- **What needs to be done**: Where an entry contains an image, skip the image and print the rest exactly.

[Data excerpts]
──────────────────────────────

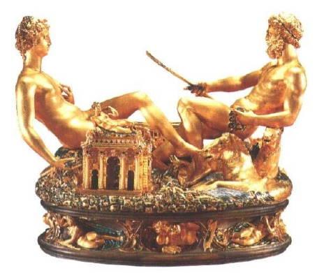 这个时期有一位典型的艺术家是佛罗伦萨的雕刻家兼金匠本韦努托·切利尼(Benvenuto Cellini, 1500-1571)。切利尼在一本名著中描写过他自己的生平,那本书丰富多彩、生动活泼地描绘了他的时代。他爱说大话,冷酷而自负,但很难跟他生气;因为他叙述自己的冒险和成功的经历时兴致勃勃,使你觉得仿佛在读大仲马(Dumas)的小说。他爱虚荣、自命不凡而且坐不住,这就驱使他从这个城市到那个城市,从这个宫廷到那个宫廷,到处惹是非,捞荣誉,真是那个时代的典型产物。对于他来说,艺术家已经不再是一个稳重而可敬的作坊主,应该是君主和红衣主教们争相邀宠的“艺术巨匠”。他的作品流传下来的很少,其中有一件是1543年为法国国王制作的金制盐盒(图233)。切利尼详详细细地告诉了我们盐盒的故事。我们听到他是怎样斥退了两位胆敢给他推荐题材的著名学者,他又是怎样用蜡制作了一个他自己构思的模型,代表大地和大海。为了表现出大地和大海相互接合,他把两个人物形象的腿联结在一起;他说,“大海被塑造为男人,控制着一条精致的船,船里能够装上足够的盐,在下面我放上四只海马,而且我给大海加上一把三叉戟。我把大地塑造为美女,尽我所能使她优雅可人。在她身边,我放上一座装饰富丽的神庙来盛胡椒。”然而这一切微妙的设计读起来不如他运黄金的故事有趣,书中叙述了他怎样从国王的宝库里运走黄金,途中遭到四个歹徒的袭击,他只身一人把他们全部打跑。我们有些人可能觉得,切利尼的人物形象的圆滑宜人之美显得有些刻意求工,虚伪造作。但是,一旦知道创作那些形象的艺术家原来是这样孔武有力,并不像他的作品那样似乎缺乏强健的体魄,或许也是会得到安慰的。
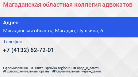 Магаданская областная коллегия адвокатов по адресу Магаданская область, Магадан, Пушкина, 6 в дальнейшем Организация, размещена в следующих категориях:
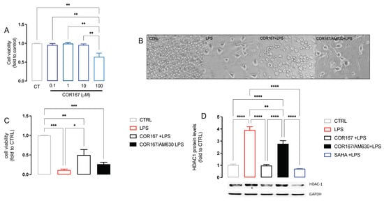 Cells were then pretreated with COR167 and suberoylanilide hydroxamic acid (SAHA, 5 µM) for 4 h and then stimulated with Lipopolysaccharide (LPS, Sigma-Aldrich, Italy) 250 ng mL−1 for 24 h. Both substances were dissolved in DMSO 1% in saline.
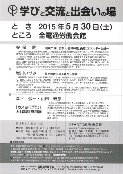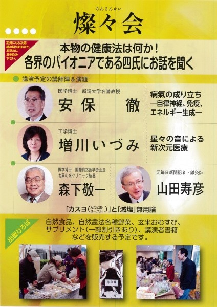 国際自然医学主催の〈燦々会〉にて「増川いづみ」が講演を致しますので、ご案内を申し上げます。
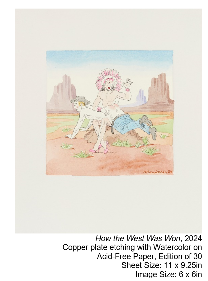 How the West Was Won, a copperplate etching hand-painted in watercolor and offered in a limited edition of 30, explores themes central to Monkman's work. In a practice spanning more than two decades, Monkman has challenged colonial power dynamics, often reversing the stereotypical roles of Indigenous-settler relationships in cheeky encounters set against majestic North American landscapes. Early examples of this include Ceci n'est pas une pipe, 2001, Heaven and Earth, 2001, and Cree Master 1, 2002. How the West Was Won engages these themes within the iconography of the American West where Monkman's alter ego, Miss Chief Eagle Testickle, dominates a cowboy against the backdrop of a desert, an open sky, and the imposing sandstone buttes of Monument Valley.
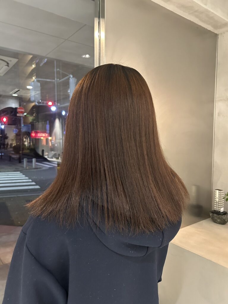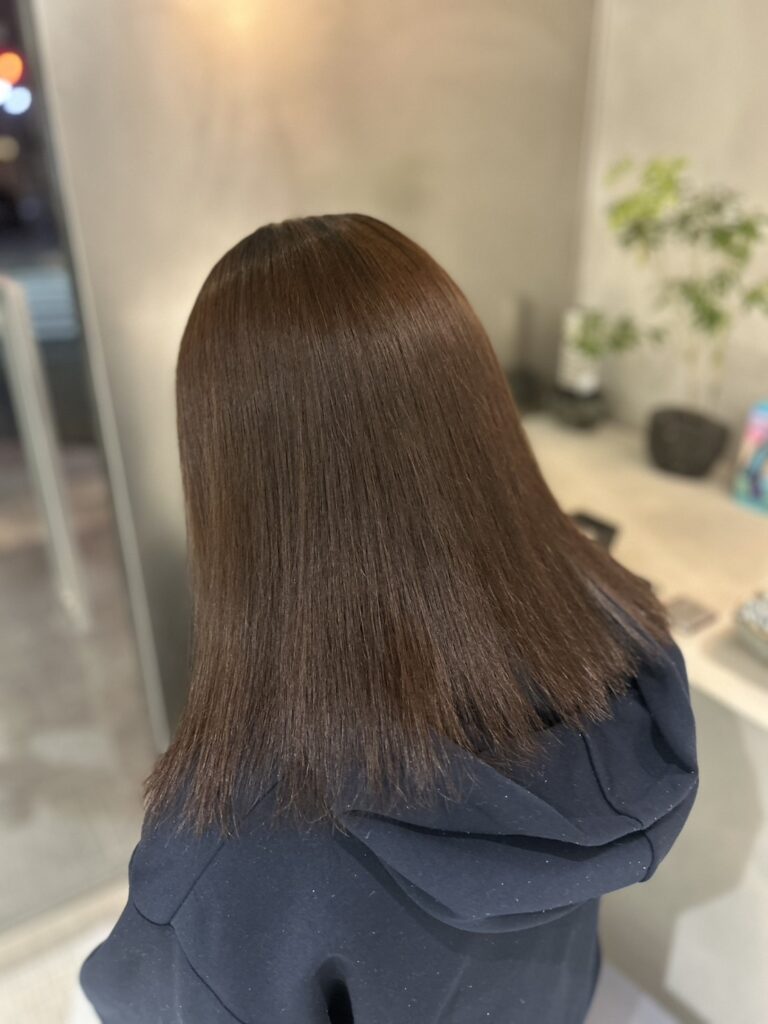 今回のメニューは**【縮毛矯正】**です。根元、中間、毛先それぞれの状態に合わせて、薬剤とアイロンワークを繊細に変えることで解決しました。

──────────────────────────────

- **Result below**:
 这个时期有一位典型的艺术家是佛罗伦萨的雕刻家兼金匠本韦努托·切利尼(Benvenuto Cellini, 1500-1571)。切利尼在一本名著中描写过他自己的生平,那本书丰富多彩、生动活泼地描绘了他的时代。他爱说大话,冷酷而自负,但很难跟他生气;因为他叙述自己的冒险和成功的经历时兴致勃勃,使你觉得仿佛在读大仲马(Dumas)的小说。他爱虚荣、自命不凡而且坐不住,这就驱使他从这个城市到那个城市,从这个宫廷到那个宫廷,到处惹是非,捞荣誉,真是那个时代的典型产物。对于他来说,艺术家已经不再是一个稳重而可敬的作坊主,应该是君主和红衣主教们争相邀宠的“艺术巨匠”。他的作品流传下来的很少,其中有一件是1543年为法国国王制作的金制盐盒(图233)。切利尼详详细细地告诉了我们盐盒的故事。我们听到他是怎样斥退了两位胆敢给他推荐题材的著名学者,他又是怎样用蜡制作了一个他自己构思的模型,代表大地和大海。为了表现出大地和大海相互接合,他把两个人物形象的腿联结在一起;他说,“大海被塑造为男人,控制着一条精致的船,船里能够装上足够的盐,在下面我放上四只海马,而且我给大海加上一把三叉戟。我把大地塑造为美女,尽我所能使她优雅可人。在她身边,我放上一座装饰富丽的神庙来盛胡椒。”然而这一切微妙的设计读起来不如他运黄金的故事有趣,书中叙述了他怎样从国王的宝库里运走黄金,途中遭到四个歹徒的袭击,他只身一人把他们全部打跑。我们有些人可能觉得,切利尼的人物形象的圆滑宜人之美显得有些刻意求工,虚伪造作。但是,一旦知道创作那些形象的艺术家原来是这样孔武有力,并不像他的作品那样似乎缺乏强健的体魄,或许也是会得到安慰的。
 Магаданская областная коллегия адвокатов по адресу Магаданская область, Магадан, Пушкина, 6 в дальнейшем Организация, размещена в следующих категориях:
 Cells were then pretreated with COR167 and suberoylanilide hydroxamic acid (SAHA, 5 µM) for 4 h and then stimulated with Lipopolysaccharide (LPS, Sigma-Aldrich, Italy) 250 ng mL−1 for 24 h. Both substances were dissolved in DMSO 1% in saline.
 国際自然医学主催の〈燦々会〉にて「増川いづみ」が講演を致しますので、ご案内を申し上げます。
 How the West Was Won, a copperplate etching hand-painted in watercolor and offered in a limited edition of 30, explores themes central to Monkman's work. In a practice spanning more than two decades, Monkman has challenged colonial power dynamics, often reversing the stereotypical roles of Indigenous-settler relationships in cheeky encounters set against majestic North American landscapes. Early examples of this include Ceci n'est pas une pipe, 2001, Heaven and Earth, 2001, and Cree Master 1, 2002. How the West Was Won engages these themes within the iconography of the American West where Monkman's alter ego, Miss Chief Eagle Testickle, dominates a cowboy against the backdrop of a desert, an open sky, and the imposing sandstone buttes of Monument Valley.
 今回のメニューは**【縮毛矯正】**です。根元、中間、毛先それぞれの状態に合わせて、薬剤とアイロンワークを繊細に変えることで解決しました。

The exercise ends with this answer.